Care Priorities for A Person Suffering from Type 2 Diabetes

Introduction to Person Suffering from Type 2 Diabetes

An interview was conducted with Mr. ABC (name changed), a 55-year-old male, residing in Melbourne, about his chronic condition of Diabetes Type 2. He mentioned that his diagnosis was made when he was 45 years old when he visited his doctor for chronic cough. On examination, a yeast infection was diagnosed in his lungs. Further investigations revealed that his blood sugar was very high. He was put on type 2 oral medication. He recalls feeling so bad at the end of the week that he scheduled a consultation with an endocrinologist, who found his blood glucose level was 700 mg/dl, diagnosed him with type 2 diabetes, and initiated him on the required anti-diabetic medications. The first thought that came to his mind when he was diagnosed was that since he was obese and had gained a lot of weight in the past 2-3 years, it could be one of the reasons for the same. But, he also thought that diabetes was hereditary, and since his parents didn't have it, he was shocked by his diagnosis.

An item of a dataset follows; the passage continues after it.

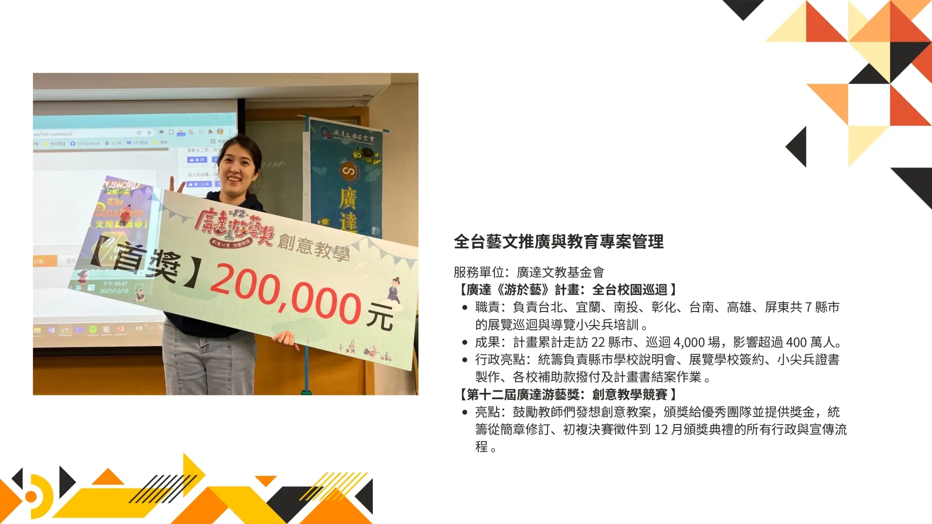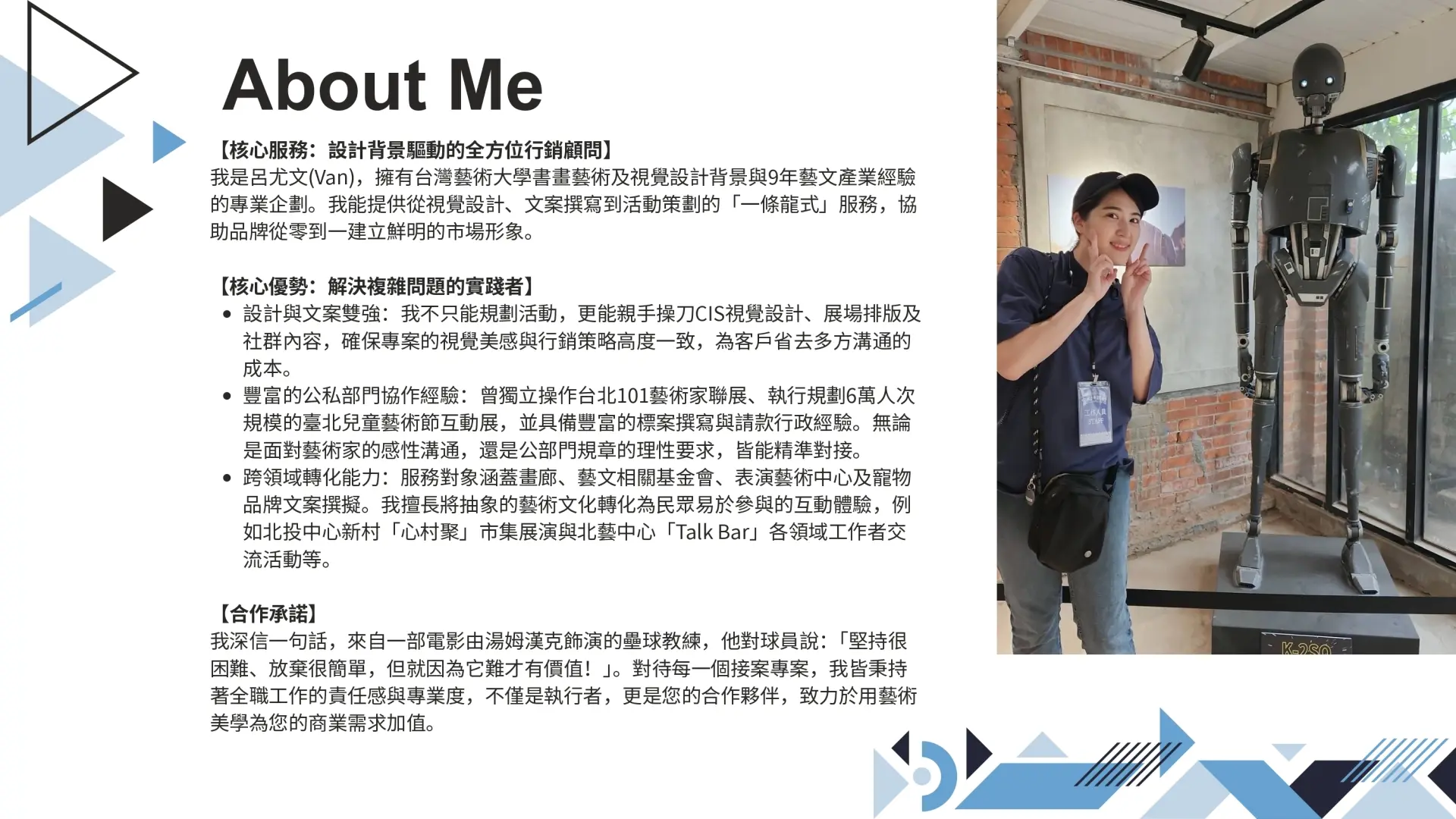 【核心服務:設計背景驅動的全方位行銷顧問】 我是呂尤文(Van),擁有台灣藝術大學書畫藝術及視覺設計背景與9年藝文產業經驗的專業企劃。我能提供從視覺設計、文案撰寫到活動策劃的「一條龍式」服務,協助品牌從零到一建立鮮明的市場形象。 【核心優勢:解決複雜問題的實踐者】 設計與文案雙強:我不只能規劃活動,更能親手操刀CIS視覺設計、展場排版及社群內容,確保專案的視覺美感與行銷策略高度一致,為客戶省去多方溝通的成本。 豐富的公私部門協作經驗:曾獨立操作台北101藝術家聯展、執行規劃6萬人次規模的臺北兒童藝術節互動展,並具備豐富的標案撰寫與請款行政經驗。無論是面對藝術家的感性溝通,還是公部門規章的理性要求,皆能精準對接。 跨領域轉化能力:服務對象涵蓋畫廊、藝文相關基金會、表演藝術中心及寵物品牌文案撰擬。我擅長將抽象的藝術文化轉化為民眾易於參與的互動體驗,例如北投中心新村「心村聚」市集展演與北藝中心「Talk Bar」各領域工作者交流活動等。 【合作承諾】 我深信一句話,來自一部電影由湯姆漢克飾演的壘球教練,他對球員說:「堅持很困難、放棄很簡單,但就因為它難才有價值!」。對待每一個接案專案,我皆秉持著全職工作的責任感與專業度,不僅是執行者,更是您的合作夥伴,致力於用藝術美學為您的商業需求加值。

Later through the years, he has realized there is a need for more patient advocacy for people suffering from Type 2 diabetes in the lines of lifestyle management and weight management along with associated awareness about it not being completely subject to heredity as well. His current A1c is at 10.5% which is higher than the supposed normal.

He's been having a couple of problems with constant urination, which means he needs to get up several times through the night and is unable to sleep. He claims that the compulsion to urinate never goes anywhere, even though he is sleeping. It's also affecting his water consumption and inducing dehydration so he needs to drink more water to compensate for the water lost because of too much peeing. Also, he has been unable to manage his diet and physical activity, and exercise schedule for the past few months because of work stress and tension which has led to his improper eating patterns and not consuming his anti-glycemic medications on time. He has also had an admission to the ER for a hypoglycaemic attack last month. The patient mentioned that his primary concern was his lack of physical activity, increasing weight, and sedentary lifestyle which was becoming a hindrance in his glycemic control. Also, the concern of repeated urination, during night times is an issue of concern for him, where he is feeling increasingly uncomfortable due to the same. For Mr. ABC, the primary care priority would be to handle his glycemic control (sedentary lifestyle) and manage his polyuria symptoms.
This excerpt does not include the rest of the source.